=== Exercise ===
Leaving out all pictures, reproduce the entries below exactly, from the first line through the line that contains "그리핀은 28일 오후".

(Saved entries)
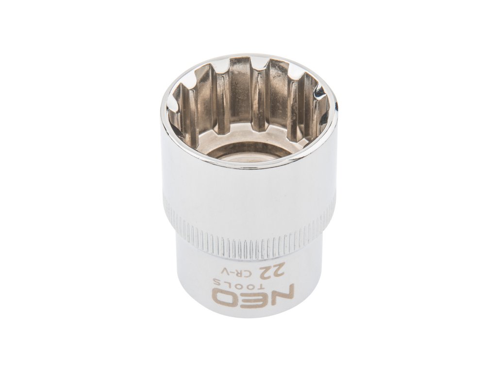 Nástrčná hlavice 1/2", 22 mm, kulový tvar pro metrické a palcové šestihranné šrouby, šestihranná, čtyřhranná, Torx, drážkovaná, CrV ocel, DIN3124, certifikát TÜV M+T, záruka 25 let Nástrčná hlavice Spline 1/2" NEO vyrobený z odolné chrom-vanadiové oceli dle normy DIN 3124. Kulovitý tvar hlavice poskytuje široké možnosti použití, včetně uvolňování šroubů Torx, Spline, dvanáctihranných, metrických, v palcích a čtyřhranných. Kvalitu nářadí potvrzuje certifikát TÜV a záruka výrobce na 25 let. Značka NEO splňuje očekávání profesionálů.Obrázky jsou pouze ilustrativní.
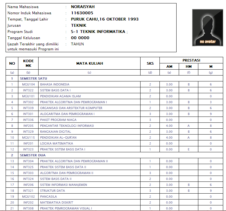 Anda dapat melihat dan/atau mencatak KHS yg anda ambil pada semester bersangkutan
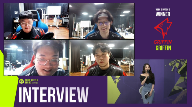 그리핀은 28일 오후 온라인으로 열린 '2021 펍지 위클리 시리즈: 동아시아(이하 PWS)’ 페이즈1 위클리 서바이벌 3주 1일차 매치3에서 USG를 따돌리고 치킨을 잡아내면서 위클리 파이널행 티켓을 거머쥐었다. 3주 연속 첫 날 진출을 확정하면서 '치킨 룰'의 강자임을 보였다.
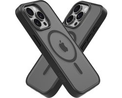 IYUPP Hoesje Geschikt voor iPhone 13 Pro Hoesje - Geschikt voor MagSafe - Shockproof Back Cover - Mat Zwart Transparant
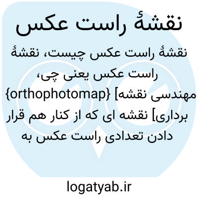 {orthophotomap} [مهندسی نقشه برداری] نقشه ای که از کنار هم قرار دادن تعدادی راست عکس به صورت تصویر مرکب واحد تهیه می شود
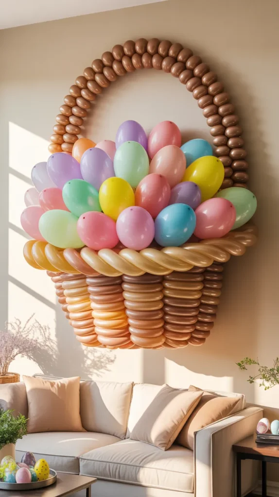 Create a balloon wall shaped like a basket with colorful balloon “eggs” inside. Use brown balloons for the basket base and bright pastels for eggs.
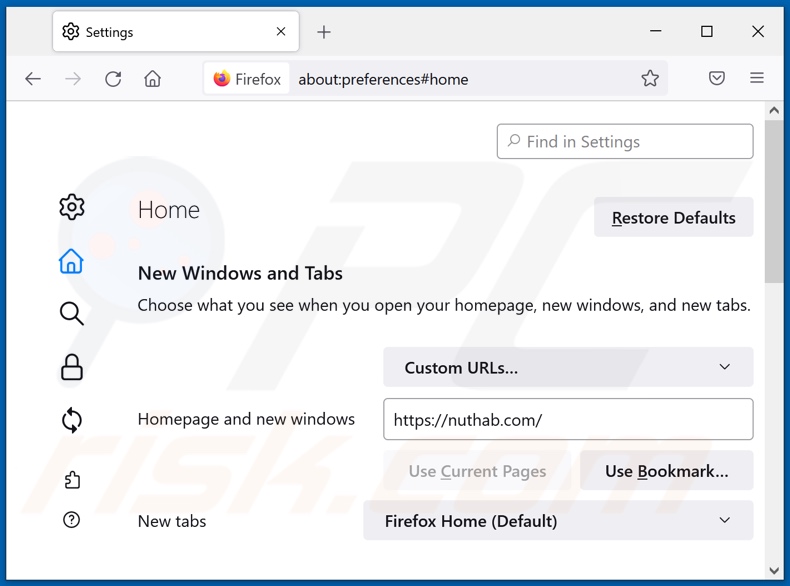 - STEP 3. Remove nuthab.com homepage and default search engine from Mozilla Firefox.
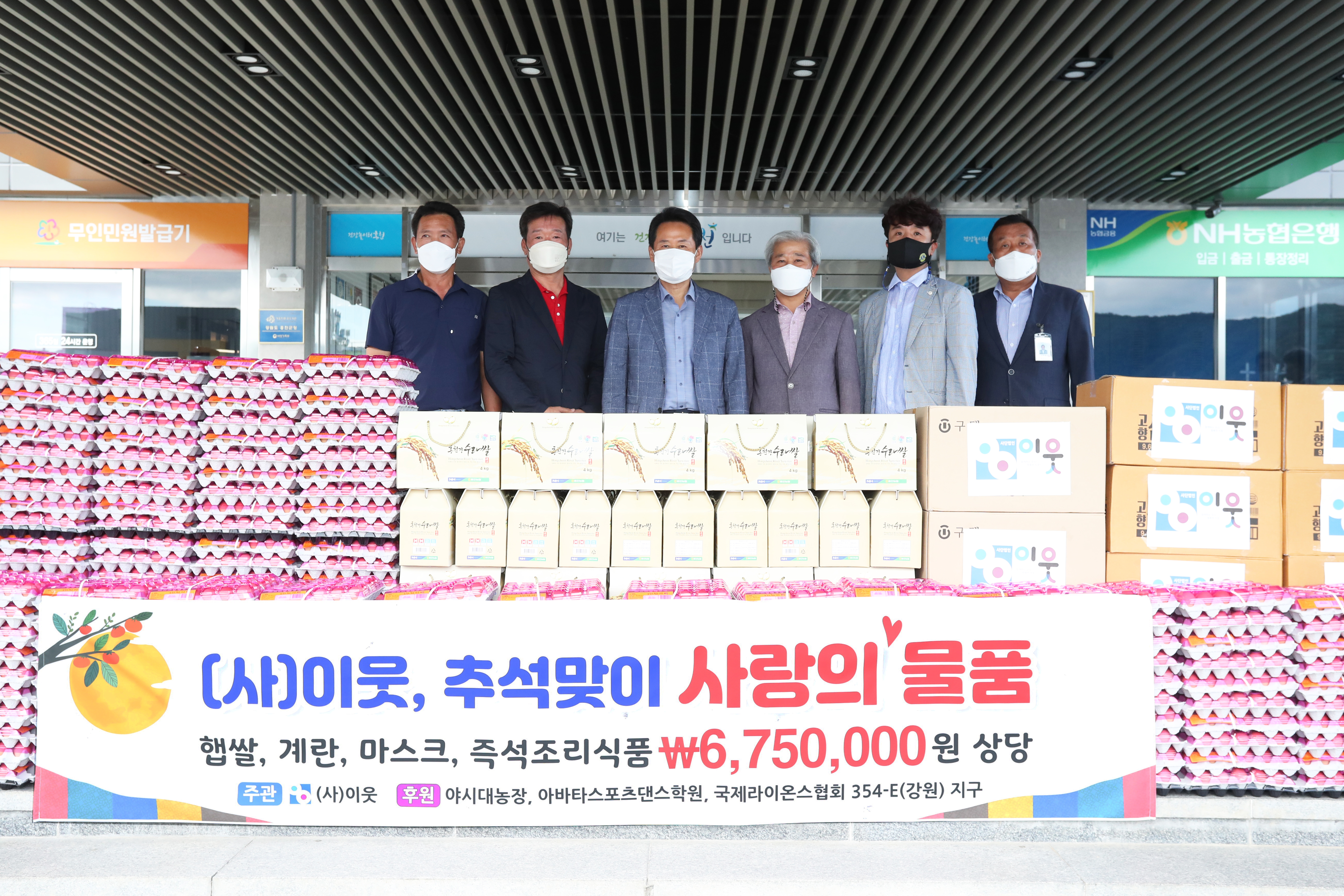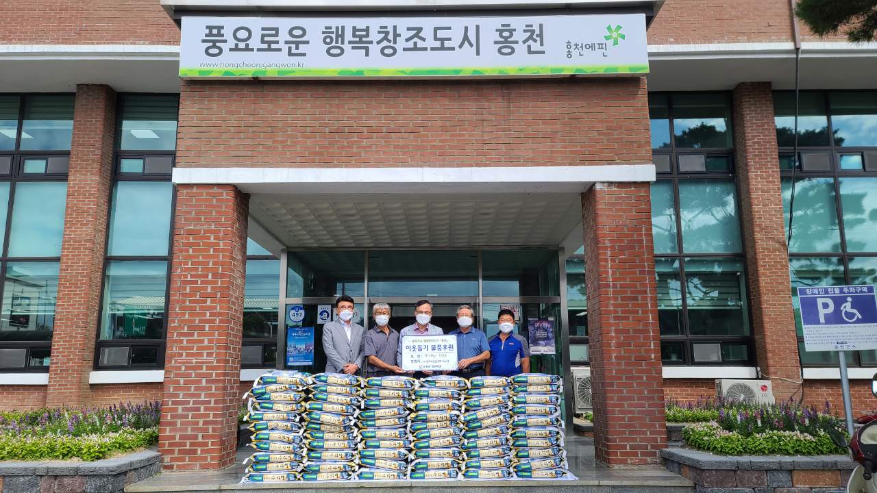 [강원사회복지신문 홍기한 기자]=사단법인 이웃(이사장 박학천)은 지난 9월 15일 홍천군청을 방문, 취약계층을 위한 675만원 상당의 농산물 및 생필품을 기부했다. 후원 물품은 햅쌀 100포(1포 4kg), 계란 500판, 마스크 5,000매, 간편식 삼계탕 100인분 등이며, 읍·면당 10가구씩 배부될 예정이다. 이번 추석맞이 사랑의 물...

=== Answer section ===
 Nástrčná hlavice 1/2", 22 mm, kulový tvar pro metrické a palcové šestihranné šrouby, šestihranná, čtyřhranná, Torx, drážkovaná, CrV ocel, DIN3124, certifikát TÜV M+T, záruka 25 let Nástrčná hlavice Spline 1/2" NEO vyrobený z odolné chrom-vanadiové oceli dle normy DIN 3124. Kulovitý tvar hlavice poskytuje široké možnosti použití, včetně uvolňování šroubů Torx, Spline, dvanáctihranných, metrických, v palcích a čtyřhranných. Kvalitu nářadí potvrzuje certifikát TÜV a záruka výrobce na 25 let. Značka NEO splňuje očekávání profesionálů.Obrázky jsou pouze ilustrativní.
 Anda dapat melihat dan/atau mencatak KHS yg anda ambil pada semester bersangkutan
 그리핀은 28일 오후 온라인으로 열린 '2021 펍지 위클리 시리즈: 동아시아(이하 PWS)’ 페이즈1 위클리 서바이벌 3주 1일차 매치3에서 USG를 따돌리고 치킨을 잡아내면서 위클리 파이널행 티켓을 거머쥐었다. 3주 연속 첫 날 진출을 확정하면서 '치킨 룰'의 강자임을 보였다.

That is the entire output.